Im Asylbereich nichts Neues
Der Freisinn will «die Schraube» bei Wirtschaftsgeflüchteten anziehen. Holt die Partei so Stimmen bei SVP-Wähler*innen oder macht sie in urbanen Zentren wie Basel die Bühne frei für die GLP?
Soll die Willkommenskultur gegenüber den Ukrainer*innen bestehen bleiben, muss die Schweiz bei anderen Asylsuchenden strenger werden. Dies fordert nicht etwa nur die SVP, sondern jetzt auch die Schweizer FDP in einem Positionspapier, über welches die Delegierten der Partei am kommenden Samstag in Andermatt abstimmen werden.
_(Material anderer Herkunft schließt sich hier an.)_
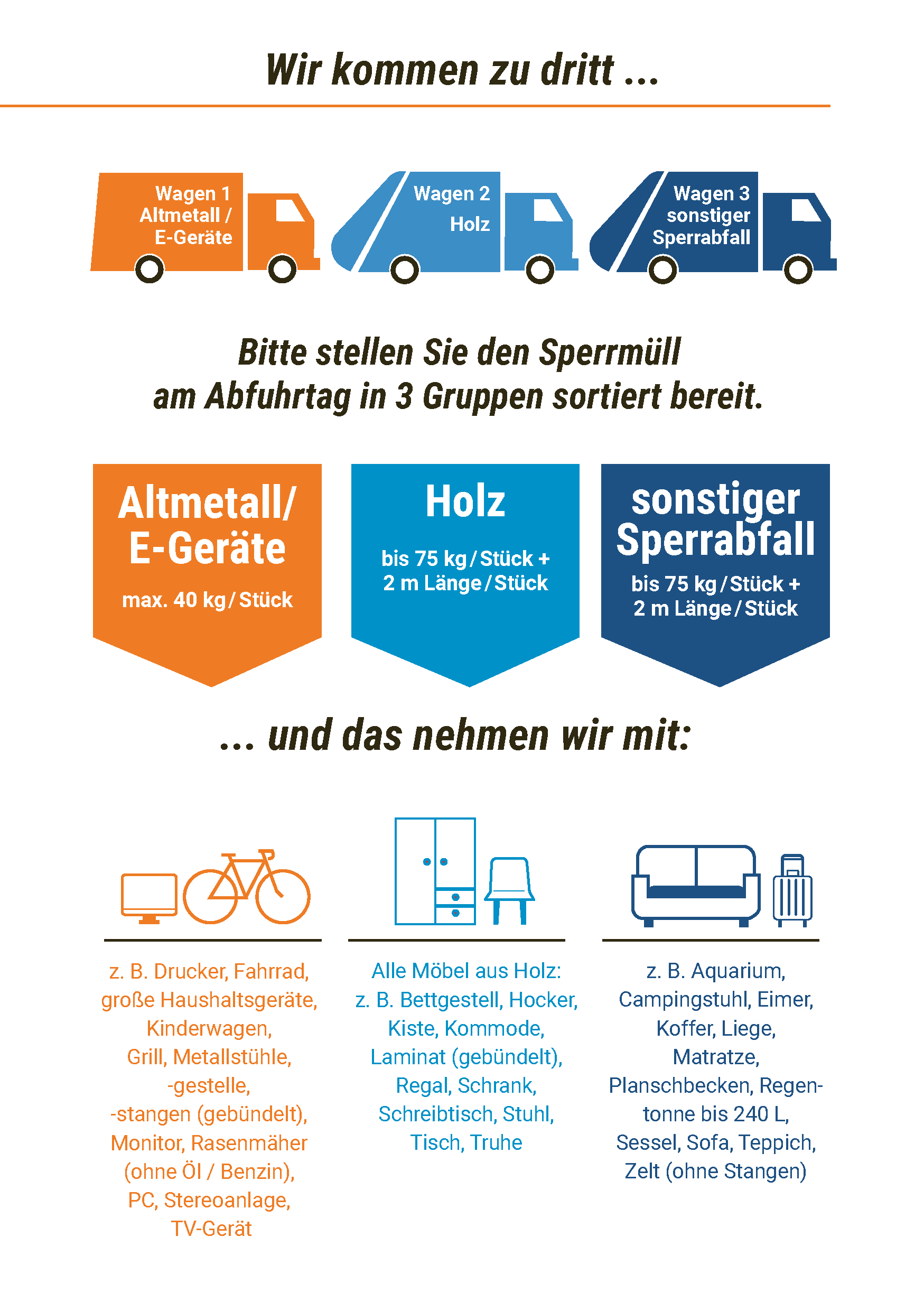 Bitte stellen Sie den Sperrmüll in drei separaten Fraktionen bereit:

FDP-Nationalrat Andri Silberschmidt sagte der NZZ am Sonntag: «Wenn wir die Solidarität in der Bevölkerung nicht überstrapazieren wollen, muss die Schraube im übrigen Migrationsbereich jetzt angezogen werden.»
Konkret heisst das: Als Geflüchtete sollten nur noch jene aufgenommen werden, die spezifische Eigenschaften nach internationalem Recht erfüllten. Menschen, die vor Armut flöhen, sollten in der Schweiz hingegen keinen Schutz erhalten. Also: «Fachkräfte ja, Armutsmigranten nein.»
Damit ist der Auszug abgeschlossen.